Self assessments, such as the one on the Tao of Backup Web site, are a useful place to start. They are quick, inexpensive and will reveal areas that need more work.

A large number of companies from local consultants to national specialists such as System Source to more general data processing consultants can conduct backup audits. If you decide to go with an outside company to do your audit, you need to decide how much auditing your company needs and choose an auditor appropriately. Of course, the more elaborate the audit, the more it will cost, and the longer it will take. However if the audit is performed appropriately, the more comprehensive the audit, the more specific — and useful — the recommendations.
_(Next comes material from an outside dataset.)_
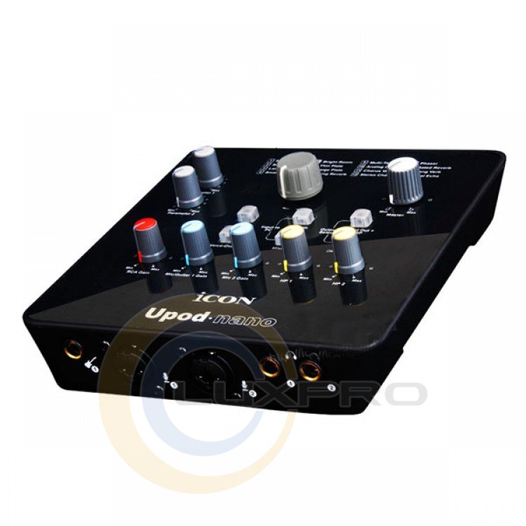 UPod Nano - аудіоінтерфейс має дві ручки управління на верхній панелі параметрів DSP. 2 аналогових виходу з роз'ємами Jack 1/4 "TRS. Вхідні гнізда Stereo RCA з 3,5 з керуванням посилення незалежно, для підключення зовнішнього пристрою, з можливістю обробки DSP. Кнопка для автоматичного ослаблення музики в присутності сигналу від мікрофона. Ключі Dry / Wet для контролю сигналу мікрофона, для запису на ПК. Ключі Dry / Wet управління Сигнал Monitor. Master Регулятор гучності на верхній панелі.

Generally, an outside audit will produce a variety of deliverables, from a logical network diagram to specific recommendations on everything from data security to where to store backup tapes and how to label them. A really comprehensive audit will include services such as recreating your network at the consultant’s facility and using your backups to completely restore the system.

Because you’re entrusting critical data to a third party, due diligence is required to ensure that the backup provider you choose is reliable and financially secure. Otherwise, you might end up with a company that has sloppy data-protection habits or goes out of business.

Key Points

• Ask for references: When shopping for a provider, ask to speak with one or two customers who have used that provider.
• Ask for specifics about each provider’s storage facilities.
• Discuss pricing. Are there additional charges to the base price? Will the company notify you if you are nearing your allotted storage capacity, and how much do they charge if you exceed that capacity?
• If you hold sensitive, health-related data about your users, clients, patrons, or community members, you may want to consider whether you need to comply with privacy regulations for data related to federal HIPAA rules. Learn more about the topic from our article,

The following are some other important questions to ask:

• Has the provider built its own data centre, or do they co-locate with a third-party provider?
• What redundancy have they built into their system to ensure that your data will always be available? For instance, do they make backups of your backup?
• Will your information be kept on hard disk or moved to tape? How do they secure physical access to the equipment where data is stored?
• Will your data be stored in a secure facility?
• Who has network access to the machines that store your data?
• Does the backup provider automatically encrypt your data? (Some services recommend that you encrypt your own data before backup.)
• Does the provider offer a guarantee or insurance of a successful recovery?

These questions will help you avoid unpleasant surprises and ensure that copies of your critical information are secure and available.